Entries taken from a collection:

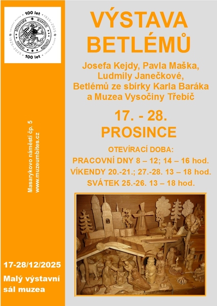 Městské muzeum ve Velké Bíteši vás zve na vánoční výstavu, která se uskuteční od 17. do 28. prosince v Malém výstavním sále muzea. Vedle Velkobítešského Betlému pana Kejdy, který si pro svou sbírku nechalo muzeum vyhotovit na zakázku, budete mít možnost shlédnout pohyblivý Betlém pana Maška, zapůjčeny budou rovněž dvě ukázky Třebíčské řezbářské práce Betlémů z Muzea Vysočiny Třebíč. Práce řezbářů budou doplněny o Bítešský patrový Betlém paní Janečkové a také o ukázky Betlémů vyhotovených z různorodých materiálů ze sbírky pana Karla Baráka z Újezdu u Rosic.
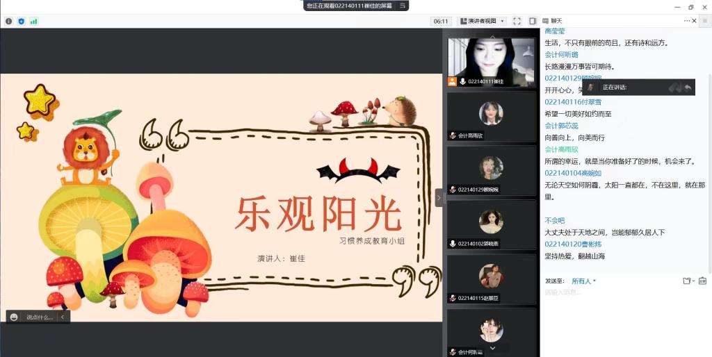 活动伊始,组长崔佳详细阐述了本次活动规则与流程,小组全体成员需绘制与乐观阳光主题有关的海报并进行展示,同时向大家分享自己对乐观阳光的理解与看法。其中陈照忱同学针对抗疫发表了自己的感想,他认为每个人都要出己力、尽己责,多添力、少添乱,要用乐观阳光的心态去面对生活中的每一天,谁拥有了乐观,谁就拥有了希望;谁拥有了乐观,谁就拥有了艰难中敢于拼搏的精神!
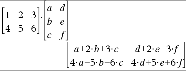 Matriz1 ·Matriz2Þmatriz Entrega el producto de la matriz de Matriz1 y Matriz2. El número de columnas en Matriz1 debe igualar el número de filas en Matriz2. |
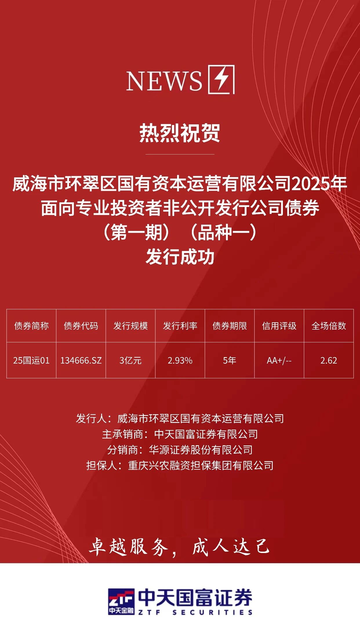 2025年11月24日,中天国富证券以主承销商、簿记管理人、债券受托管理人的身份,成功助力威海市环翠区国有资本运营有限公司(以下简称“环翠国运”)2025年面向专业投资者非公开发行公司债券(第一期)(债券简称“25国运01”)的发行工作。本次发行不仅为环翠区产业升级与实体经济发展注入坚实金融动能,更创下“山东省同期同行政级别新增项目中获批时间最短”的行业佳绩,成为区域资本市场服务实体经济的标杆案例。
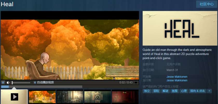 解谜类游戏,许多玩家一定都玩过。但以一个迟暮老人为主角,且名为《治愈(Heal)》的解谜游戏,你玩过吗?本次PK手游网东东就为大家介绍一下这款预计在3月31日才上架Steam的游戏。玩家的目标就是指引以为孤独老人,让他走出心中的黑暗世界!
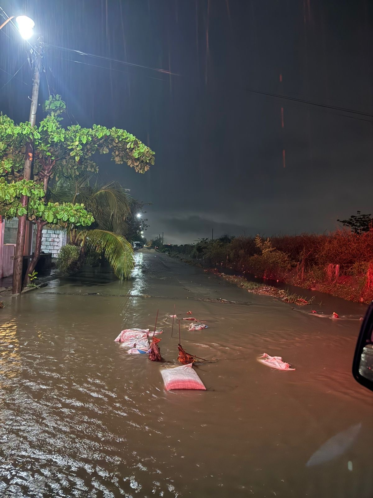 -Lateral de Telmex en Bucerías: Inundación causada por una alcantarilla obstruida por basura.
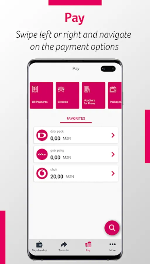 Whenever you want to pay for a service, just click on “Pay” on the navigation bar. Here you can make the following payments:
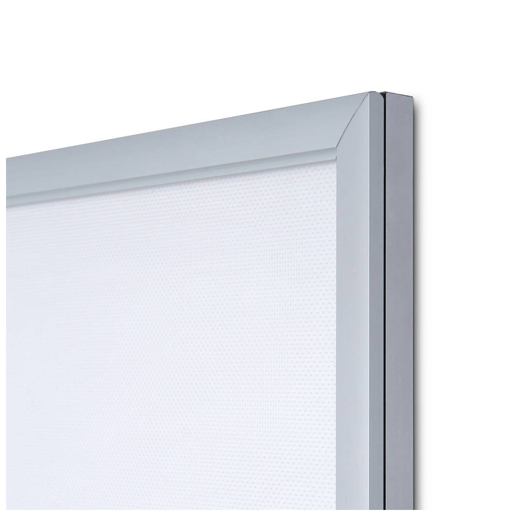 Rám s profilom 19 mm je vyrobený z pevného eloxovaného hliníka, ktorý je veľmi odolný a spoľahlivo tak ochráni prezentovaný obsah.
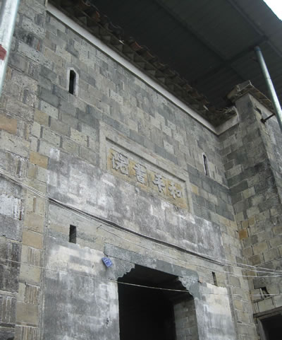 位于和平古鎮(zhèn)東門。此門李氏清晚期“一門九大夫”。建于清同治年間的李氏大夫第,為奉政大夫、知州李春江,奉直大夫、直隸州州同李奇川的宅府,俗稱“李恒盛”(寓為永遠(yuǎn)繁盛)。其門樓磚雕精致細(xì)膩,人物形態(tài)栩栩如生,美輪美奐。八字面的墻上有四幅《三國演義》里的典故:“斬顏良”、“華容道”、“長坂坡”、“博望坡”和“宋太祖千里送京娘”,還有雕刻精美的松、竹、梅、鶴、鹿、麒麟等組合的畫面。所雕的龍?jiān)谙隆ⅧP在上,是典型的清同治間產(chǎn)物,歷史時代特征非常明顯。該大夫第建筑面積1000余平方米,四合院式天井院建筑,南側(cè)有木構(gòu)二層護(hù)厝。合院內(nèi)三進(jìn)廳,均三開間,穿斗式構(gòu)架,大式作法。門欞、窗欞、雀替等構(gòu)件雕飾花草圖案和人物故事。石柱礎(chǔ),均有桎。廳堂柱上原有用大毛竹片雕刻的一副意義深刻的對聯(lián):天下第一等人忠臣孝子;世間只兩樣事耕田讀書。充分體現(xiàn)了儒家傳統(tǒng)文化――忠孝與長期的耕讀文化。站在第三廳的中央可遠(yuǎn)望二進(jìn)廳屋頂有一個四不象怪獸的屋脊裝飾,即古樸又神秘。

• _THE TASK_: The task calls for repeating each line above exactly while excluding the pictures.

• _RESULT OF THE EXERCISE_:
 Městské muzeum ve Velké Bíteši vás zve na vánoční výstavu, která se uskuteční od 17. do 28. prosince v Malém výstavním sále muzea. Vedle Velkobítešského Betlému pana Kejdy, který si pro svou sbírku nechalo muzeum vyhotovit na zakázku, budete mít možnost shlédnout pohyblivý Betlém pana Maška, zapůjčeny budou rovněž dvě ukázky Třebíčské řezbářské práce Betlémů z Muzea Vysočiny Třebíč. Práce řezbářů budou doplněny o Bítešský patrový Betlém paní Janečkové a také o ukázky Betlémů vyhotovených z různorodých materiálů ze sbírky pana Karla Baráka z Újezdu u Rosic.
 活动伊始,组长崔佳详细阐述了本次活动规则与流程,小组全体成员需绘制与乐观阳光主题有关的海报并进行展示,同时向大家分享自己对乐观阳光的理解与看法。其中陈照忱同学针对抗疫发表了自己的感想,他认为每个人都要出己力、尽己责,多添力、少添乱,要用乐观阳光的心态去面对生活中的每一天,谁拥有了乐观,谁就拥有了希望;谁拥有了乐观,谁就拥有了艰难中敢于拼搏的精神!
 Matriz1 ·Matriz2Þmatriz Entrega el producto de la matriz de Matriz1 y Matriz2. El número de columnas en Matriz1 debe igualar el número de filas en Matriz2. |
 2025年11月24日,中天国富证券以主承销商、簿记管理人、债券受托管理人的身份,成功助力威海市环翠区国有资本运营有限公司(以下简称“环翠国运”)2025年面向专业投资者非公开发行公司债券(第一期)(债券简称“25国运01”)的发行工作。本次发行不仅为环翠区产业升级与实体经济发展注入坚实金融动能,更创下“山东省同期同行政级别新增项目中获批时间最短”的行业佳绩,成为区域资本市场服务实体经济的标杆案例。
 解谜类游戏,许多玩家一定都玩过。但以一个迟暮老人为主角,且名为《治愈(Heal)》的解谜游戏,你玩过吗?本次PK手游网东东就为大家介绍一下这款预计在3月31日才上架Steam的游戏。玩家的目标就是指引以为孤独老人,让他走出心中的黑暗世界!
 -Lateral de Telmex en Bucerías: Inundación causada por una alcantarilla obstruida por basura.
 Whenever you want to pay for a service, just click on “Pay” on the navigation bar. Here you can make the following payments:
 Rám s profilom 19 mm je vyrobený z pevného eloxovaného hliníka, ktorý je veľmi odolný a spoľahlivo tak ochráni prezentovaný obsah.
 位于和平古鎮(zhèn)東門。此門李氏清晚期“一門九大夫”。建于清同治年間的李氏大夫第,為奉政大夫、知州李春江,奉直大夫、直隸州州同李奇川的宅府,俗稱“李恒盛”(寓為永遠(yuǎn)繁盛)。其門樓磚雕精致細(xì)膩,人物形態(tài)栩栩如生,美輪美奐。八字面的墻上有四幅《三國演義》里的典故:“斬顏良”、“華容道”、“長坂坡”、“博望坡”和“宋太祖千里送京娘”,還有雕刻精美的松、竹、梅、鶴、鹿、麒麟等組合的畫面。所雕的龍?jiān)谙隆ⅧP在上,是典型的清同治間產(chǎn)物,歷史時代特征非常明顯。該大夫第建筑面積1000余平方米,四合院式天井院建筑,南側(cè)有木構(gòu)二層護(hù)厝。合院內(nèi)三進(jìn)廳,均三開間,穿斗式構(gòu)架,大式作法。門欞、窗欞、雀替等構(gòu)件雕飾花草圖案和人物故事。石柱礎(chǔ),均有桎。廳堂柱上原有用大毛竹片雕刻的一副意義深刻的對聯(lián):天下第一等人忠臣孝子;世間只兩樣事耕田讀書。充分體現(xiàn)了儒家傳統(tǒng)文化――忠孝與長期的耕讀文化。站在第三廳的中央可遠(yuǎn)望二進(jìn)廳屋頂有一個四不象怪獸的屋脊裝飾,即古樸又神秘。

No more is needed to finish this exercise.